There were no parents to be seen. No 2000-era moms and pops perched on patio chairs at the sidelines, coolers at their feet, cheering for their offspring. No spending hard-earned money on silly play equipment for their kids. We did it all ourselves. With my Chicago Tribune paper route money, I bought a glove and second-rate cleats so painful to wear my feet were swollen after every game. But I loved it and harbored secret fantasies of playing center field for the Cubs. “Put me in, Coach, I’m Ready to Play!” as the song goes.
I was fast but never saw a curve ball I could even foul off. Now comes Barry Bonds, indicted Thursday by the feds for lying about using steroids. Bonds, according to the indictment, lied about using chemicals when he set that all-time home run record of 73 in 2001.

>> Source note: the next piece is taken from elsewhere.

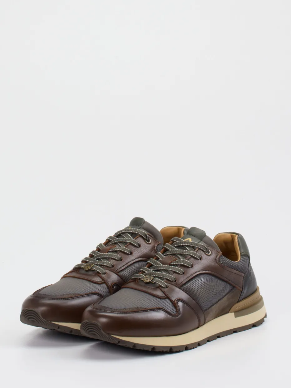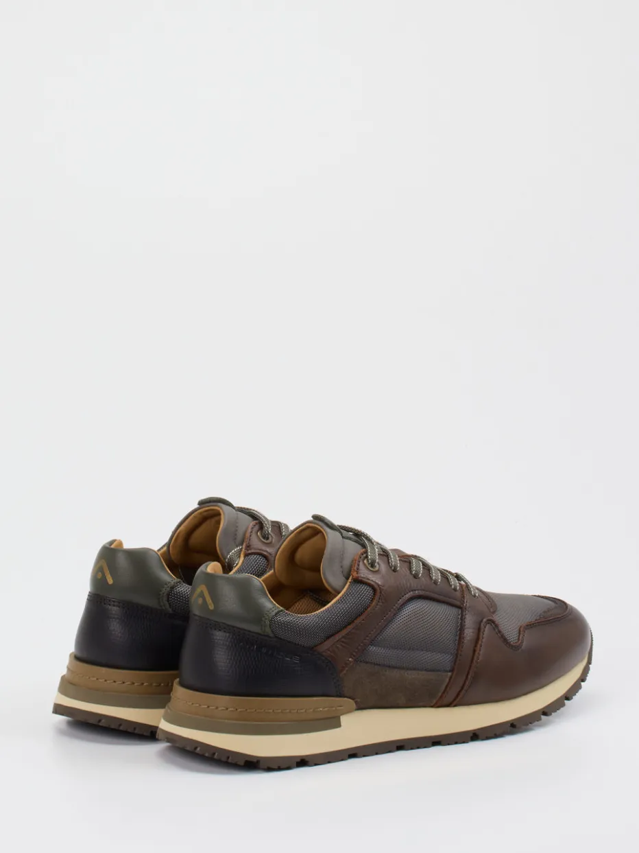 Retrolook trifft Funktionalität.Ambitious bringt mit diesem Herren-Sneaker im Retro-Runner-Stil ein stilvolles Modell für Herbst und Winter in die Freizeitgarderobe. Glattes Kalbleder wird durch Mesh- und Velourszonen ergänzt und bietet zusammen mit dem textilen Futter einen gelungenen Materialmix. Die dunkle Farbpalette aus Braun, Grau und Olivgrün verleiht ihm eine robuste Optik, unterstützt durch gepolsterten Schaftrand, zweifarbige Schnürsenkel und Outdoor-Profilsohle aus Gummi. Urban Utility trifft hier auf Retro-Sportswear – ideal für den Alltag oder leichte Outdoor-Aktivitäten. Kombiniert mit einer Outdoorjacke entsteht ein harmonischer Look. Ambitious steht bei diesem Modell für durchdachtes Design mit hochwertigem Materialeinsatz.

The feds gave Bonds a chance to come clean and admit using steroids, without any penalty. But no, he refused. Now he faces possible prison time. Today, I’m angry. How could he do this to the game? Sadly, he apparently wasn’t the only one cheating. But he was the superstar, the home run king, arrogant, true, widely despised, but still a hero to kids all over the country.
True, it’s only an indictment, an accusation. There’s an old saying among defense attorneys: Grand juries will indict a ham sandwich. Well-meaning citizens called to serve on a jury get one side of the story from the prosecutor. It’s rare when one will throw the whole thing out of court. And, as everyone agrees after hearing about the Bonds action, perjury is very hard to prove. What do the feds know that we don’t? Still, looking at his record before and after his alleged better living through chemistry, I’m ready to believe Bonds dipped into something more than chewing tobacco.
So what now? For sure, he’ll never play baseball again. Unless, that is, the Lompoc federal prison has a team.